In steps S2-S3, feature selection is performed on the metric element data set based on the pearson correlation, the first 30-50% with larger ranking value is used as the selected metric element, and then the selected metric element and the corresponding category are substituted into a software defect prediction model based on the pearson correlation weighted association classification rule to perform prediction and output the prediction result.

The method uses a software defect prediction model based on the Pearson correlation weighting correlation classification rule to carry out prediction, solves the problem that valuable high-risk defect rules cannot be mined when the correlation classification rule is used for constructing the software defect prediction model, considers a multi-support generation mechanism and characteristic weight in the rule generation process, improves the quantity and quality of the valuable high-risk defect rules, has higher prediction performance and intelligibility, and improves the accuracy of the prediction result.

As shown in fig. 2, in one embodiment, the software defect prediction model based on the pearson correlation weighted association classification rule is constructed by the steps of:

s32, respectively setting a defect tendency type minimum weighting support degree and a defect-free tendency type minimum weighting support degree, and respectively constructing a defect tendency association rule set and a defect-free tendency association rule set for the defect tendency training set and the defect-free tendency training set by utilizing a weighted Apriori algorithm; wherein, the defect tendency can be understood as a high risk defect tendency, and the defect-free tendency can be understood as a low risk defect tendency.

In one embodiment, the constructing step further comprises:

and S36, verifying the software defect prediction model based on the Classification rule weighted by the Pearson correlation through a test set.

In the embodiment, according to the characteristics that the association classification rule has good prediction performance and intelligibility, aiming at the problem that the valuable high-risk defect class rule is few under the unbalanced data condition, preprocessing work such as feature selection, data division, discretization and the like is firstly carried out on software defect measurement metadata, and then an association rule-based software defect prediction model is constructed on a preprocessed software defect training set, wherein the software defect prediction model comprises a weighted association rule generation stage, a weighted association rule sorting stage, a weighted association rule pruning stage and a weighted association rule voting stage; and finally, verifying and evaluating the software defect prediction model based on the weighting and associating classification rule of the pearson correlation by using the divided test set.

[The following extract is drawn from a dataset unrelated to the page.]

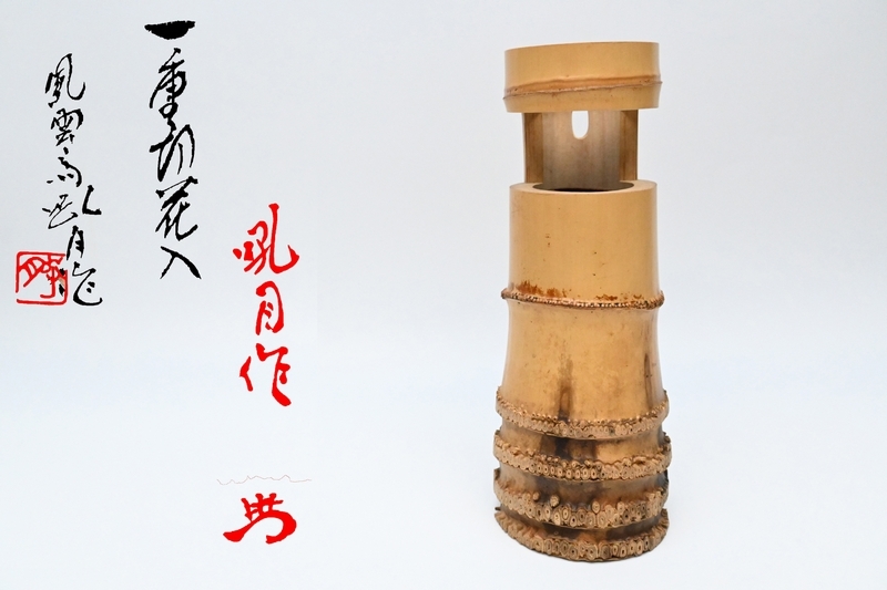 - 鳳雲斎吼月 [ 小菅吼月 ] 名工 巨匠 作 ■ 重切花入 花押し 栞 落とし 希少 ■ 茶道具 華道具 竹花入れ 花器 竹細工 天然木 共箱 ■

The method solves the problem that valuable high-risk defective rules cannot be mined when the associated classification rules are used for constructing the software defect prediction model, a multi-support generation mechanism and characteristic weights are considered in the rule generation process, the quantity and quality of the valuable high-risk defective rules are improved, and the method has high prediction performance and high understandability.

The method is used for carrying out expansion optimization on the basis of the associated classification rules, and solves the problem that valuable high-risk defective class rules are easy to ignore to a certain extent.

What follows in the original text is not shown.